2. Energia elétricaOferta e segurança de suprimento - A Abrace defende que o destino das concessões de geração anteriores a 11 de dezembro de 2003 seja decidido de forma célere e onerosa, de modo a favorecer a modicidade tarifária. Os valores pagos pelas concessionárias devem ser usados para abatimento da Tarifa de Uso do Sistema de Transmissão (Tust) e do Encargo de Serviços do Sistema (ESS). É preciso também priorizar a expansão do parque gerador por meio da construção de hidrelétricas, elevando ao máximo possível a capacidade de regularização dos reservatórios. Este aspecto pode ser beneficiado pelo mapeamento e demarcação legal das reservas potenciais de aproveitamentos hidrelétricos. Nesse tópico, também é preciso garantir ao consumidor livre o direito de comercializar excedentes contratuais, além de rever métodos e processos de gestão pública na aplicação da legislação ambiental brasileira, com foco na redução de prazos de exame de pleitos de licenciamento.

3. Energia elétrica – Tributação - A Abrace recomenda que seja feita uma avaliação dos efeitos da diversidade de alíquotas do ICMS na competitividade nacional. É preciso também eliminar distorções, incluindo a aplicação da sistemática de “cálculo por dentro” do ICMS (que, na prática, faz com que a alíquota seja superior à inicialmente definida), bem como o valor da Conta de Desenvolvimento Energético (CDE) da base de cálculo do ICMS. Por fim, é necessário desonerar os investimentos em geração de energia elétrica.

4. Energia elétrica – Inovações - Regulamentar a implantação dos polos industriais de compartilhamento de infraestrutura e aquisição de insumos. É preciso definir o tratamento a ser dado à compra de energia elétrica e à contratação do uso e da conexão aos sistemas elétricos por grupos de indústrias instalados na mesma área.

5. Gás natural - É urgente a regulamentação da Lei do Gás e a definição das normas complementares e instruções necessárias à sua efetiva implementação. A Abrace recomenda ainda a implantação de uma política nacional para o gás natural que priorize o aumento da sua competitividade e a instituição de um planejamento integrado dos setores elétrico e de gás natural.

6. Eficiência e transparência do setor - A agenda traça recomendações em favor do aumento da eficiência e da transparência do setor no que se refere à operação e ao planejamento do sistema elétrico e do fornecimento do gás natural, aumentando a eficiência do uso dos recursos, e em relação às políticas incorporadas ao custo final da energia. Também é preciso institucionalizar mecanismos que permitam a efetiva transparência e participação dos consumidores nas decisões cujos custos lhes serão atribuídos.

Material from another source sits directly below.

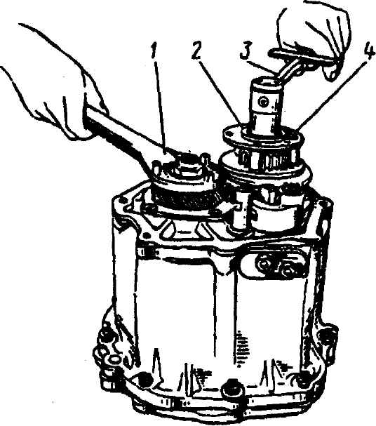 Рис. 3-90. Затяжка динамометрическим ключом болта крепления первичного вала с применением второго ключа, надетого на ведомую шестерню 5-й передачи (при включенной 5-й передаче): 1 - ключ со стержнями, входящими в гладкие отверстия ведомой шестерни 5-й передачи; 2 - ограничитель хода синхронизатора; 3 - динамометрический ключ, надетый на болт крепления первичного вала; 4 - муфта синхронизатора Проверить осевой свободный ход ведущей шестерни 5-й передачи (см. рис. 3-85), синхронизатора 5-й передачи (см. рис. 3-86), первичного и вторичного валов (рис 3-91). Муфта синхронизатора 5-й передачи должна от усилия руки перемещаться по шлицам ступицы и входить в зацепление со шлицами шестерни. Ограничением хода муфты должны являться упоры ее в торец шестерни и в ограничитель хода синхронизатора.

Agência CanalEnergia - O que a Abrace chama de "pressões competitivas"? Quais os reflexos para os consumidores?

Paulo Pedrosa - Pressões competitivas são as forças que fazem com que as empresas em geral estejam constantemente se esforçando para melhorar o atendimento e a qualidade dos produtos e serviços fornecidos a seus consumidores. A concorrência é a principal guia desse processo. O setor elétrico tem sido protegido dessas pressões, com reflexos óbvios sobre a situação dos consumidores. No caso da energia, os consumidores ficam alijados do processo que lhes garante, em todas as outras áreas, reduções de preços e aumento de qualidade graças a esforços constantes das indústrias fornecedoras.

Agência CanalEnergia - Como está o andamento da MP 487 e o que a Abrace tem discutido sobre este tema?


Paulo Pedrosa - Felizmente essa MP caiu porque o Congresso Nacional não teve a agilidade necessária para aprová-la. De qualquer forma, esse é um exemplo de como regras que afetam o setor de energia podem ser  alteradas com pouca discussão e de forma pouco transparente, por meio de MPs que nem estão relacionadas, em princípio, com o setor elétrico (como era o caso dessa medida).